Researchers at Lehigh University have built an unusual wing, made of a single piece of carbon fiber composite, for an unusual type of airplane: An unmanned craft designed for high-altitude perpetual flight. The 6.5m (21.3ft) wing has no fasteners or adhesive joints.
Mechanical engineer Joachim Grenestedt, and computer scientist John Spletzer, fabricated the wing in the university's Composites Lab, as part of their Dynamic Soaring project. Lehigh is one of the research universities chosen to be a member of the US government-sponsored National Additive Manufacturing Innovation Institute (NAMII).
An unusual wing, made in a single piece from carbon fiber composite, has been built for an unmanned aircraft designed for high-altitude perpetual flight. Shown here with mechanical engineer Joachim Grenestedt, the 6.5m (21.3ft) wing has no fasteners or adhesive joints.

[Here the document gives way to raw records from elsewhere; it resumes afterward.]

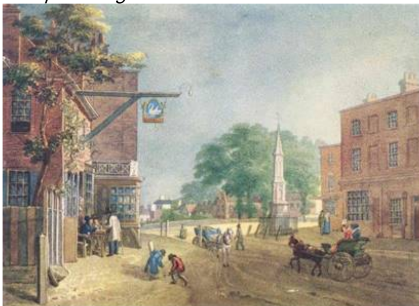
Tottenham High Cross, 1822. The scene shows Tottenham High Road and horse-drawn carriages with the Swan Inn at left, with its distinctive pub sign, and the High Cross at centre.

'The Swan Inn: This famous old inn stands on the corner of Philip Lane nearly opposite the High Cross .... frequently visited by noted anglers..... It was the place of resort of Isaak Walton, the angler; he used to tarry here awhile before he went to the River Lea to fish, and again on his return. In the front of this house, in 1643, there was an arbour the favourite resting place of Walton, of which mention is made in " The Compleat Angler ".'
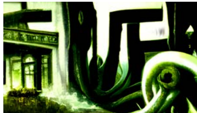
"The Finance Function", Lovecraftian digital illustration
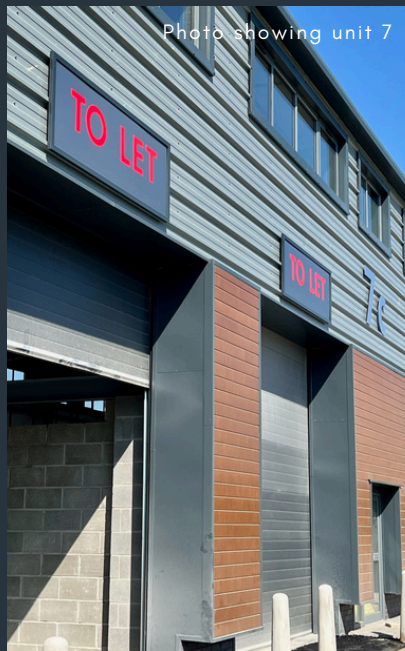
Photo showing unit 7

Each unit boasts aluminium double glazed doors and windows, powerfloat concrete floors and rooflights with 6m clear eaves height and 4m high sectional doors.
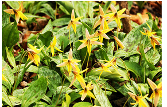
Three photos of trout lilies in the Seminary Woods
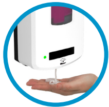
Automatic 'No-Touch' System

The PürClean HYBRID Automatic Liquid Dispensing System is ADA compliant & ensures that the customer has all of their hand care needs in one solution. The proprietary dispenser is first an 'Automatic - No Touch' system; however, it can also be used as a Manual 'Push the Cover' Dispenser to ensure you are never without a 'dose!' The System offers Foam, Liquid & Spray refill options in a 1400 ML container that is 'Refillable' or a 'One Time Use'. The user can choose a small or large dose size for each refill leveraging proprietary dispensing technologies. A placard can be placed behind the Cover Lens for Branding and / or Liquid Identification purposes.
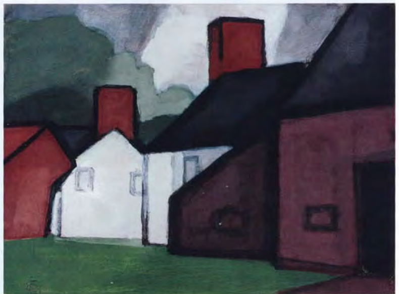
Oscar Bluemner (1867-1938), Untitled , ca. 1914-15. Watercolor on paper, 5 x 6¾ in. Courtesy Hollis Taggart Galleries.

(Source: Lehigh University)
The wing, including wing planks, six internal webs for bearing shear loads, spar caps, and a trailing edge for accommodating wing flaps and ailerons used for flight control, was built in a single molding process. The single-piece construction is highly unusual for composite structures, which are being used increasingly in aircraft, as well as in satellite launchers and spacecraft.
"Usually a structure like this is made in many parts, which then have to be trimmed and joined in advanced fixtures, adding complexity and weight and reducing strength," said Grenestedt in a student newspaper article. "Making complex parts, like a wing, in a single shot is the holy grail of composites manufacturing."

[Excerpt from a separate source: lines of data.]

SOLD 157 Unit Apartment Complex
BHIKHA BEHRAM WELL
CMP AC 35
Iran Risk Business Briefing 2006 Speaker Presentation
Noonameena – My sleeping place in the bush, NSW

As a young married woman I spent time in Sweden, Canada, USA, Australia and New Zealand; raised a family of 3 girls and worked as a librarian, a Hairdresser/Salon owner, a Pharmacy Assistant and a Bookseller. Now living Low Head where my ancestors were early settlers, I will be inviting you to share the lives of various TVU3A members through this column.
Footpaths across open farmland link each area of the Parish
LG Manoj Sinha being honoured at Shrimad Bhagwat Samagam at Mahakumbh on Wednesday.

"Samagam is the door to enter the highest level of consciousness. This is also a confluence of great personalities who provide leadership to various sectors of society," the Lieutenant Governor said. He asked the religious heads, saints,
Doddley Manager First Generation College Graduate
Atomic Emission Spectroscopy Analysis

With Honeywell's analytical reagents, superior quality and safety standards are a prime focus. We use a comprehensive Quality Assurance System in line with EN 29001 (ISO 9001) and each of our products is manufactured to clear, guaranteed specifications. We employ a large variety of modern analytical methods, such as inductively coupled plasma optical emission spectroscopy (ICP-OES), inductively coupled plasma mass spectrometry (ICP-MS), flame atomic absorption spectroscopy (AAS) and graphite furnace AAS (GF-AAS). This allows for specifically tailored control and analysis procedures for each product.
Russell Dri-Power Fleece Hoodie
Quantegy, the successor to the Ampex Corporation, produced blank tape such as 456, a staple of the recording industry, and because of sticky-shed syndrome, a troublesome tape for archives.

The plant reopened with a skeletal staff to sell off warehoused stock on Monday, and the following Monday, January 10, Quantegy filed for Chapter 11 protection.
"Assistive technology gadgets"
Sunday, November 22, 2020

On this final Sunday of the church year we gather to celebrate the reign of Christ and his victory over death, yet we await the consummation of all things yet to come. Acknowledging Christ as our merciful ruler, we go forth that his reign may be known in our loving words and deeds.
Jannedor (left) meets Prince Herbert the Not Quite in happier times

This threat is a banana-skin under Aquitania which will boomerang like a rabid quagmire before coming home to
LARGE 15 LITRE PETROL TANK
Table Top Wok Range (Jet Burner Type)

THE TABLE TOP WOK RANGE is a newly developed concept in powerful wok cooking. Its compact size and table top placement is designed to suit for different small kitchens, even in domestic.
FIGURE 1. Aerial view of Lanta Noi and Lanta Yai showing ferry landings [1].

The structure was made from 0.6mm-thick layers of epoxy matrix, reinforced with carbon fibers, in molds that were digitally designed and machined at the university. The material is similar to the composite Grenestedt used in building the Numerette, a 29-ft speedboat with a hull formed of composite sandwich panels bonded to a steel frame.
The wing's top skin was layered into the mold first. Flexible tubing and expanded polystyrene were then used as temporary placeholders to geometrically align the structure for the placement of the internal webbing of carbon fibers. The bottom wing skin was then layered in place, and the structure cured at 121C (250F), which burned away the temporary structure's materials.
An unmanned aircraft that will fly at high altitude, generating its own power from the sun and the jet stream, is the wing's ultimate destination. The project's long-term goal is perpetual flight.
An aircraft designed to fly for years at a time must have long, slender wings, like those on manned gliders, as well as very low drag. It must also fly very fast, so the wings have to be stiff to avoid flutter and divergence, which become critical at high speeds. Finally, it must be strong enough to conduct hard turns at high speed. The new wing was designed to withstand hard turns of up to 20 Gs before failure.
Grenestedt and a team of students fabricated the prototype in about two weeks, and are now testing its ability to withstand extreme forces. The plane's potential applications include launching communications satellites, weather monitoring, and surveillance. The multi-year project is funded by the National Science Foundation and Lehigh University.